How to complete this task:
The answer consists solely of the lines running from the one with "Die Ferienwohnung verfügt" through the final line below, transcribed exactly and without any pictures.

*** Block opens ***

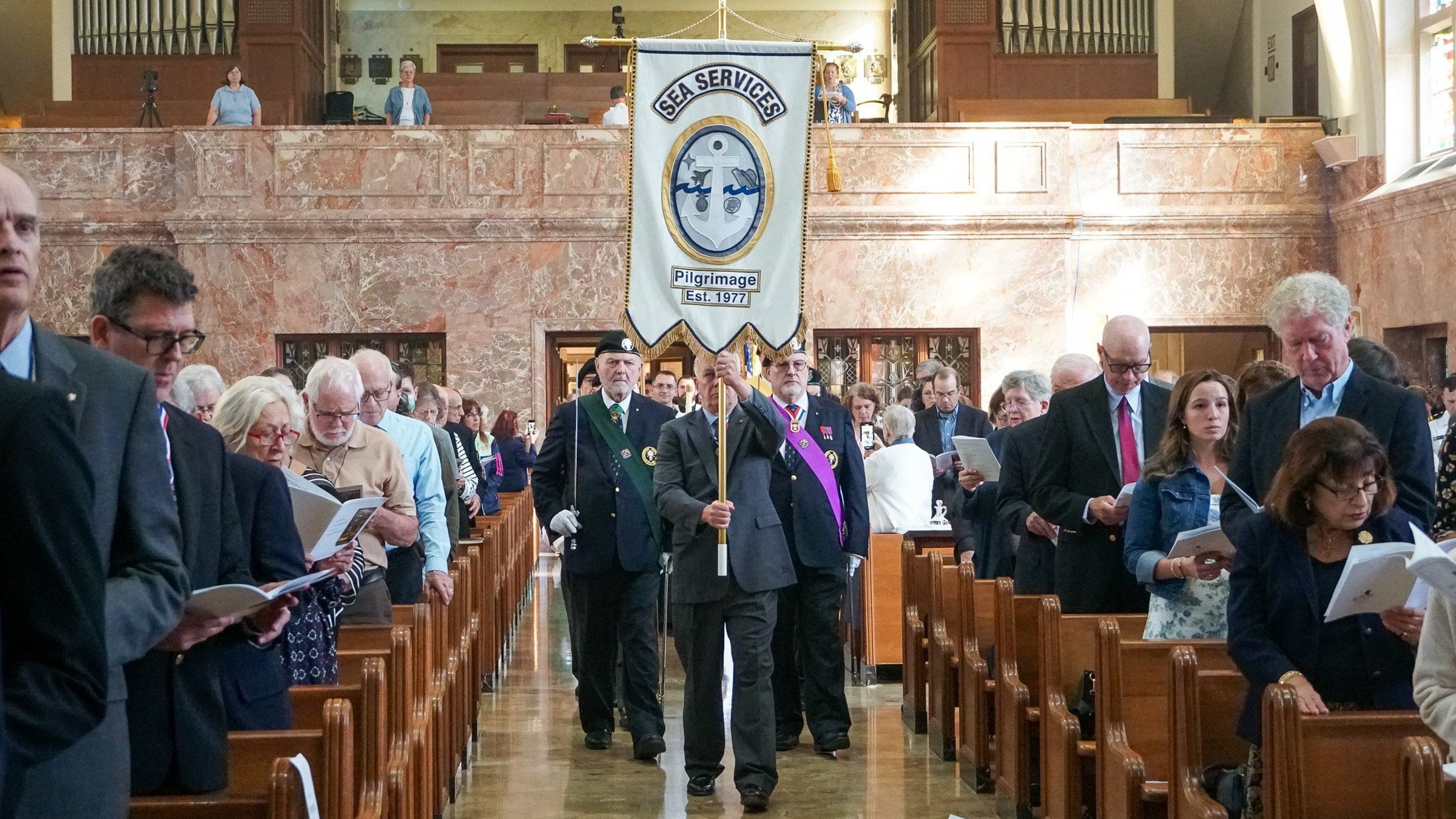 Before the final blessing, the congregation sang the Navy hymn, "Eternal Father, Strong to Save," with an additional verse:
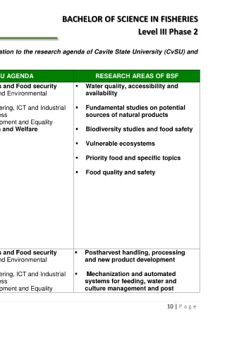 Table 3.1 The research areas of BS Fisheries (BSF) program in relation to the research agenda of Cavite State University (CvSU) and
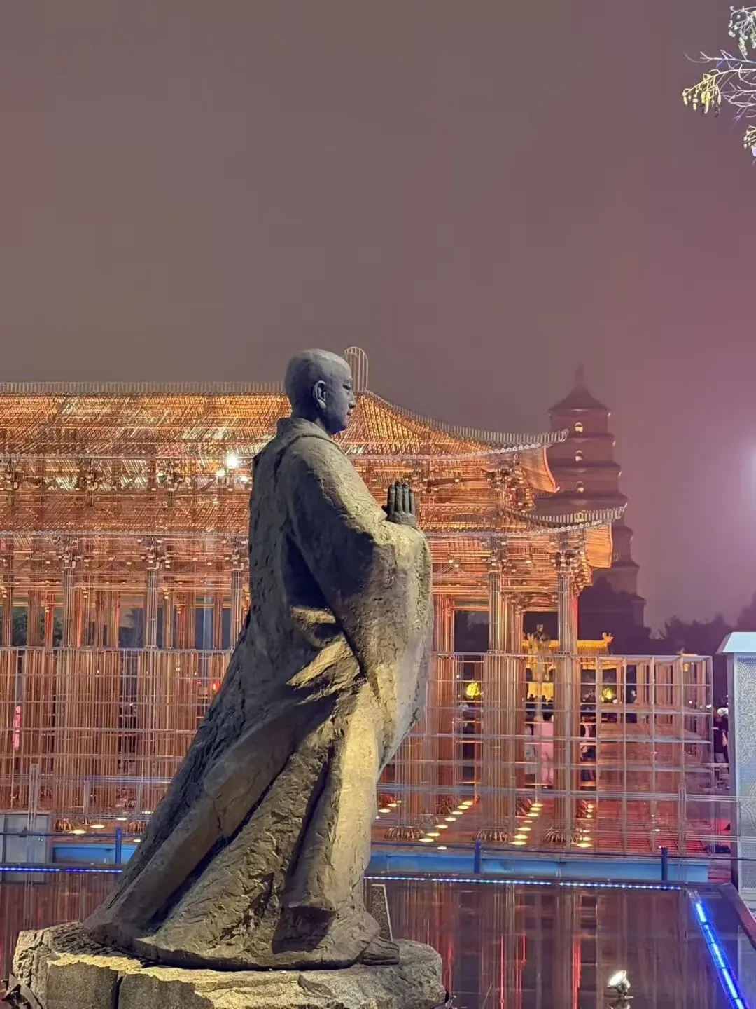 19:00大雁塔北广场看喷泉,沿着不夜城一路向南观看《盛唐密盒》、《琵琶行》等,最后在开元广场看《再回长安》和《不倒翁》。
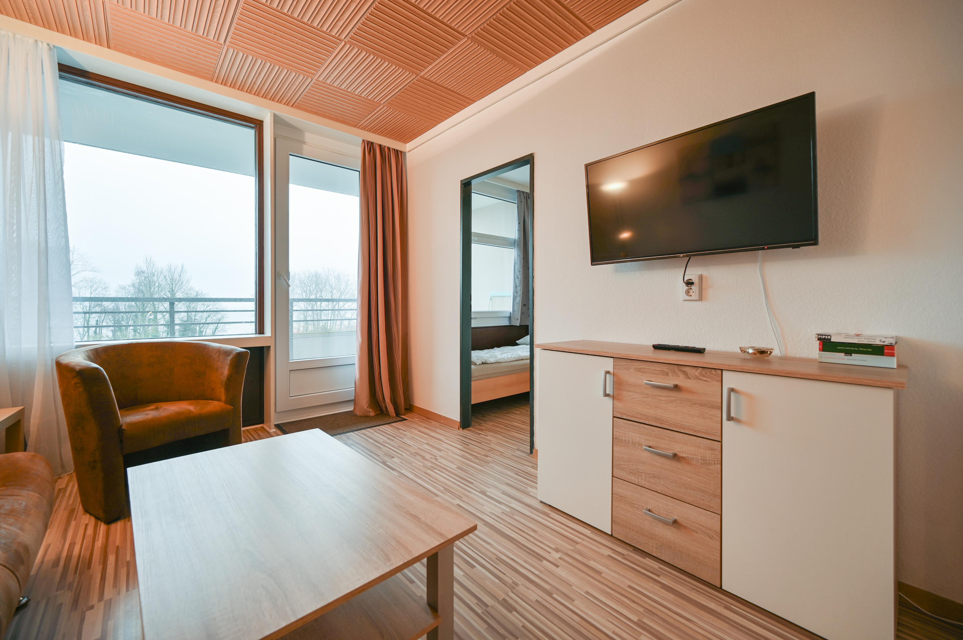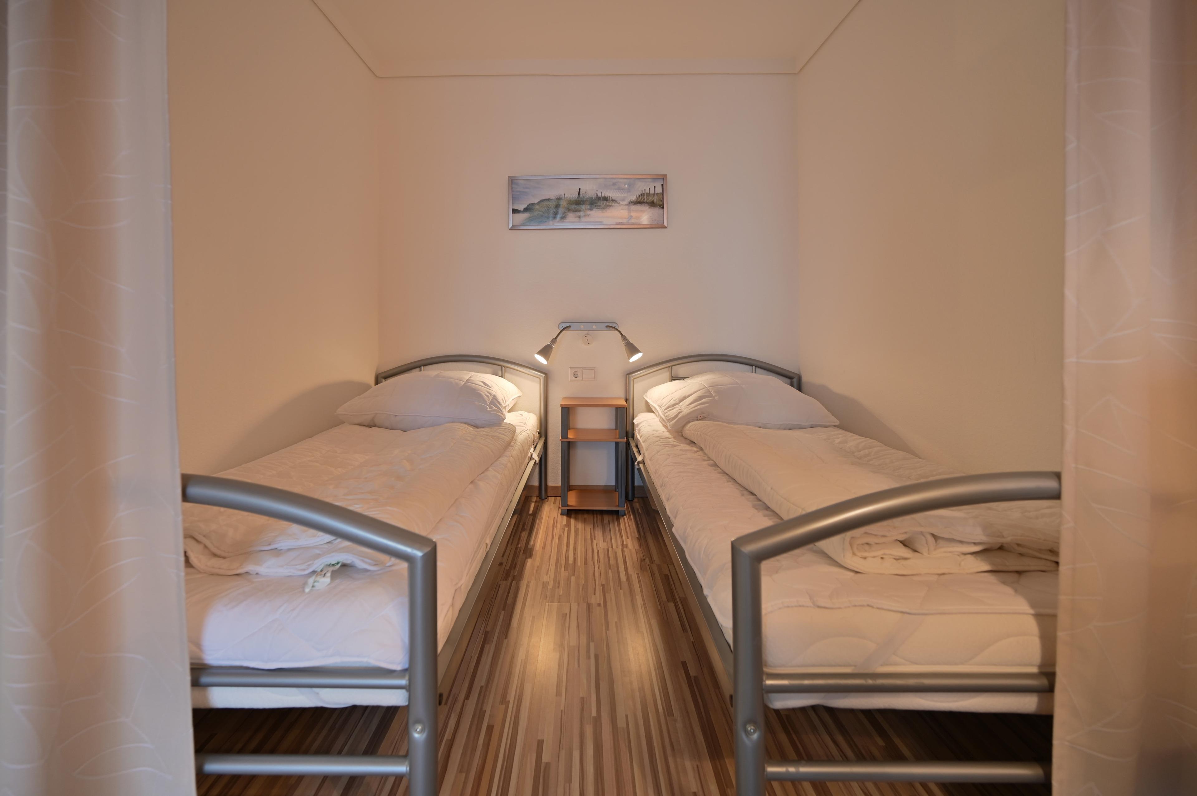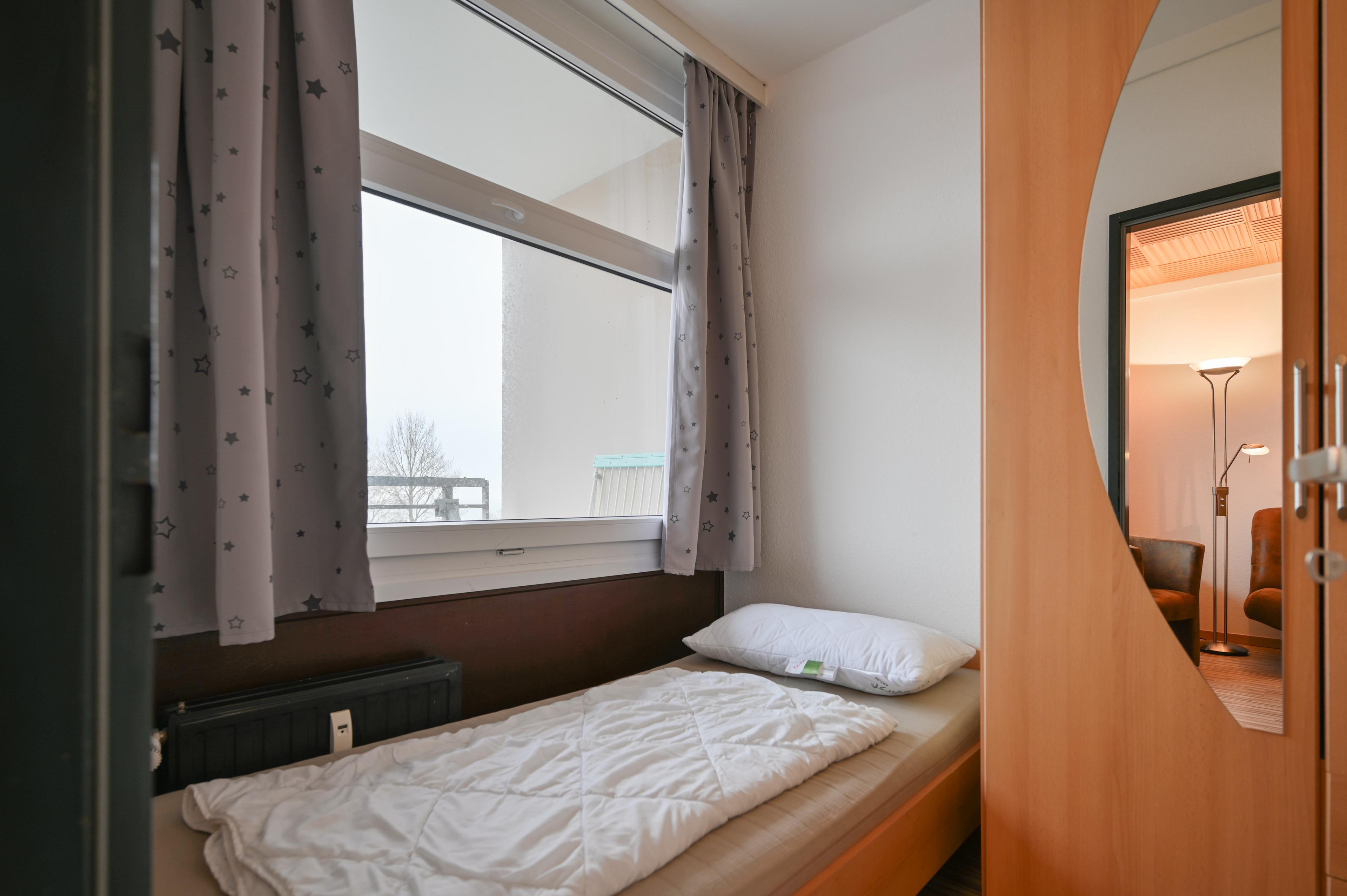 Die Ferienwohnung verfügt über einen kombinierten Wohn- Schlafraum mit 2 feststehenden Einzelbetten, die durch einen Vorhang vom Wohnbereich abgetrennt werden können.
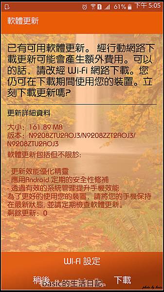 這個更新有161.89MB , 上面是寫著更新效能優化精靈 , 安全性修補跟更有效的系統管理提升手機效能..
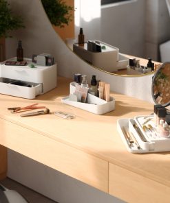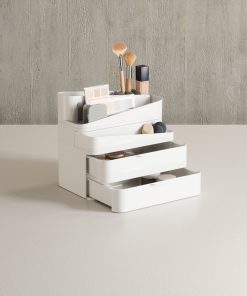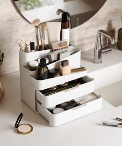 Create the ultimate beauty station setup with Glam Large Organizer. Inspired by our original Glam Hair Tool & Cosmetic Organizers, this new addition features three drawers for maximum organization, and can be used for everything from makeup and skincare to office accessories. The modular organization system means you can stack it or use it separately, and the customizable/removable dividers give you extra flexibility for items like palettes, brushes and more. The rubber feet keep the organizer in place, while preventing damage to your tables or countertops. Glam also makes the perfect gift for any friend or family member – keeping makeup and skincare products all in one convenient and organized place. Made with recycled plastic. Measures 10.50 x 7.25 x 9.75″ (26.7 x 18 x 25 cm). ⓘ Plastic material can react to chemicals such as alcohol, acetone, benzene, toluene and cause cracks and discoloration. Clean with water only

*** Block closes ***

Answer for the task:
 Die Ferienwohnung verfügt über einen kombinierten Wohn- Schlafraum mit 2 feststehenden Einzelbetten, die durch einen Vorhang vom Wohnbereich abgetrennt werden können.
 這個更新有161.89MB , 上面是寫著更新效能優化精靈 , 安全性修補跟更有效的系統管理提升手機效能..
 Create the ultimate beauty station setup with Glam Large Organizer. Inspired by our original Glam Hair Tool & Cosmetic Organizers, this new addition features three drawers for maximum organization, and can be used for everything from makeup and skincare to office accessories. The modular organization system means you can stack it or use it separately, and the customizable/removable dividers give you extra flexibility for items like palettes, brushes and more. The rubber feet keep the organizer in place, while preventing damage to your tables or countertops. Glam also makes the perfect gift for any friend or family member – keeping makeup and skincare products all in one convenient and organized place. Made with recycled plastic. Measures 10.50 x 7.25 x 9.75″ (26.7 x 18 x 25 cm). ⓘ Plastic material can react to chemicals such as alcohol, acetone, benzene, toluene and cause cracks and discoloration. Clean with water only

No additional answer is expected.